15:16:43 <Swami> #link https://bugs.launchpad.net/neutron/+bug/1445255
15:16:43 <openstack> Launchpad bug 1445255 in neutron "DVR FloatingIP to unbound port does not work" [Low,In progress] - Assigned to Swaminathan Vasudevan (swaminathan-vasudevan)
15:17:39 <Swami> am I still visible.
15:17:52 <regXboi> yes on the visibility
15:17:55 * regXboi reading
15:18:51 <Swami> next one in the list
15:18:55 <Swami> #link https://bugs.launchpad.net/neutron/+bug/1521815
15:18:55 <openstack> Launchpad bug 1521815 in neutron "DVR functional tests failing intermittently" [Low,Confirmed] - Assigned to Swaminathan Vasudevan (swaminathan-vasudevan)
15:19:18 <Swami> This bug can't be reproduced and it kind of settled itself in the gate.
15:19:56 <Swami> We are not sure what caused this issue in the gate. So let us keep an eye on this and move forward. regXboi has lowered the serverity on this bug.
15:20:37 <Swami> I think that's all we have for bugs today.
15:20:38 <regXboi> I've got nothing to add that isn't in the bug discussion
15:20:55 <Swami> If you guys have anything else to discuss we can discuss, else we can move one.
15:21:00 <regXboi> let's move on
15:21:10 <Swami> ok, that's all I have for bugs.
15:21:21 <Swami> #topic gate-failures
15:21:42 <Swami> How is gate failure looking with respect to dvr
15:22:19 <regXboi> so the check pipelines have settled out after the metering hangup
15:22:29 <Swami> regXboi: yes true
15:22:49 <obondarev> I'm concerned by a new dvr multinode failure here https://review.openstack.org/#/c/250075/
15:22:51 <regXboi> single node DVR can probably go back to voting - it is tracking neutron-full pretty well
15:23:00 <obondarev> which is probably related to the patch
15:23:00 * regXboi looks
15:23:27 <obondarev> need to investigate before merging
15:23:28 <Swami> obondarev: is it causing failures in gate.
15:23:40 <regXboi> obondarev: I'm -1 that patch because of that
15:23:43 <Swami> obondarev: I think we agreed that if it breaks the gate we can revert it.
15:24:08 <obondarev> We've not merged it yet, so we have time to investigate
15:24:11 <Swami> at this point we don't want to introduce more issues in gate.
15:24:17 <regXboi> I've thrown a -1 on that patch
15:24:19 <obondarev> Swami: right
15:24:37 <regXboi> *because* that dvr-multinode failure isn't one I can just say "oh that's independent"
15:24:40 <obondarev> regXboi: fair enough
15:24:48 <Swami> obondarev: if you have more data points please update it.

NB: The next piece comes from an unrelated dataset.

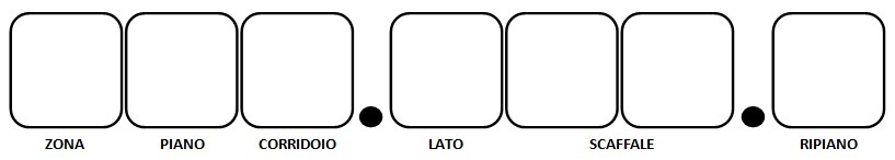 Questo schema di Ubicazione consente di poter rappresentare in modo preciso e semplice una determinata posizione all'interno del proprio magazzino. Con la stessa semplicita' l'ubicazione generata puo' essere decifrata in modo molto intuitivo dall'operatore.

15:24:51 <obondarev> regXboi: right
15:25:05 <obondarev> Swami: I don't have any ATM
15:25:11 <Swami> obondarev: ok
15:25:18 <obondarev> will try to find time to investigate
15:25:30 <regXboi> so right now I'm thinking we can ask for dvr to be voting again
15:25:36 <regXboi> and maybe multinode-full
15:25:39 <Swami> ok I do have a debug patch to address the fip failures in the gate, but I am seeing another issue where the pings are not getting response.
15:25:46 <regXboi> but multinode-dvr is still too high in its failure rate
15:25:48 <carl_baldwin> regXboi: Let's get a patch up to make single node dvr voting.  It might take a few more days of stability but at least we'll have it queued up.
15:25:48 <haleyb> regXboi: so the DVR multinode still seems double the regular multinode - 25%
15:26:09 <regXboi> haleyb: yes - that's what I mean by "still too high"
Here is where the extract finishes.